I don't know who does the reviews for you, but his/her judgment is now officially excellent. Both the red and white Zweigle hot dogs are superb!
Mark R. Killenbeck
Drug testing not justified
This legislative session, Arkansas joined the national trend of maligning the poor with mandatory drug testing for public benefits. The bill, SB 38, would have instituted mandatory drug testing for unemployment benefits. Since 2011, state legislators have proposed at least 85 bills requiring drug tests for public benefits. In February the 11th Circuit found Florida's blanket testing statute for all TANF (Temporary Assistance for Needy Families) applicants to be an unreasonable search under the Fourth Amendment. The 11th Circuit's decision demonstrates only one of three problems with mandatory drug testing. Lawmakers must strongly consider constitutionality, finances and the factual justification for such testing. Only time and justiciable cases will answer the constitutional questions, but there is enough data to show that these policies are rarely factually or financially justified.

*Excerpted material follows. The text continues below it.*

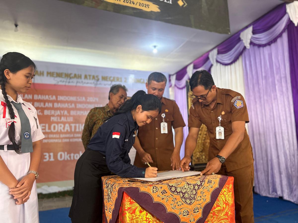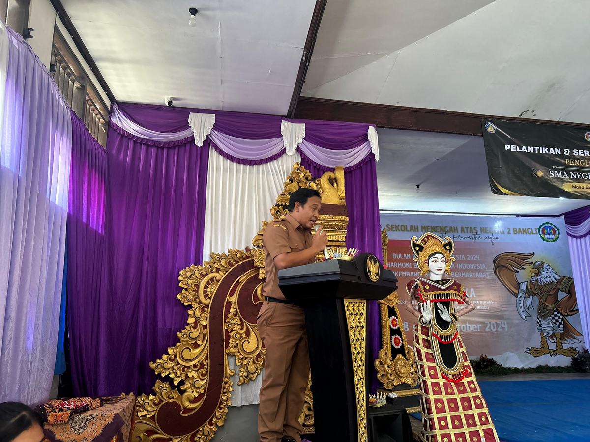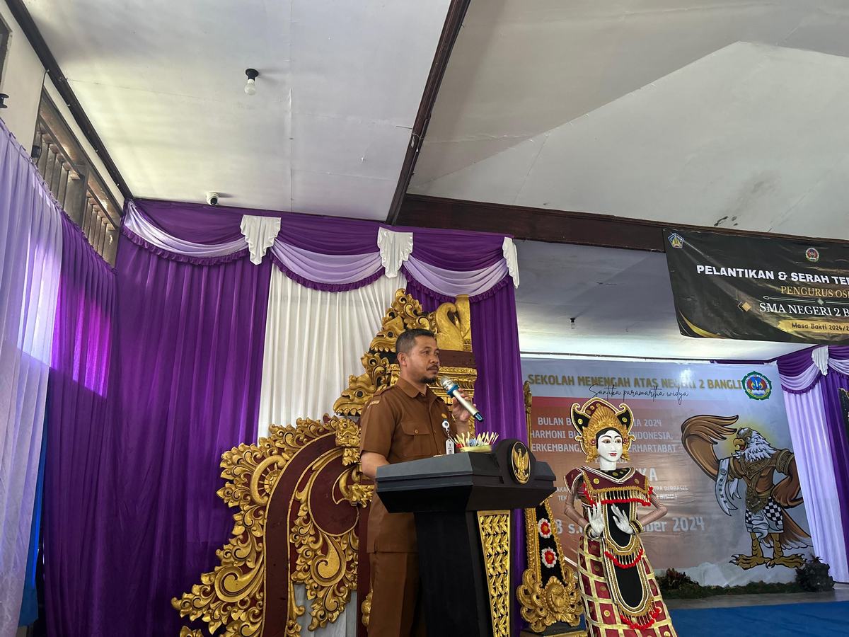 Senin,28 Oktober 2024 SMA Negeri 2 Bangli melaksanakan pembukaan Bulan Bahasa Indonesia sekaligus pelantikan pengurus OSIS masa bhakti 2024/2025. Dilaksanakan di ruang Aula MGMP SMA Negeri 2 Bangli. Kegiatan ini berlangsung dari pukul 09.00WITA – selesai. Kegiatan Bulan Bahasa Indonesia tahun 2024 yang berlangsung selama 4 hari, dari Senin 28 Oktober 2024 – 31 Oktober  2024. Bulan Bahasa Tahun ini mengangkat tema “Harmoni Bulan Bahasa Indonesia, Berkembang, Berjaya, Bermartabat melalui  kegiatan bernama GELORATIKA.

Few states have published their financial outcomes from these programs, but those that have paint a wasteful picture. Florida's unconstitutional law netted the state a $45,780 loss — a figure that does not even include implementation or litigation expenses. Utah, implementing a testing policy based on reasonable suspicion from a pre-screening process, claims savings of $360,000 from the first year, but it is unclear where these savings come from. It appears to be based on the number of applicants who refused a test after they were flagged in the pre-screening process, but those applicants may reapply after a 6- to 12-month penalty period so the actual savings may be much lower due to those screened out eventually joining the rolls. Notably, the 12 individuals who took the test and failed may still receive benefits if they enroll in a state-funded treatment program. Oklahoma's program demonstrates the high cost of pre-screening, even when it does not provide funding for treatment. The state is responsible for the $20 prescreening test and the $140 test for flagged individuals, so even a moderate net savings is improbable. Financially, these policies are very difficult to justify. In states that have issued their data, there are rarely enough people screened out of the program to validate the expense.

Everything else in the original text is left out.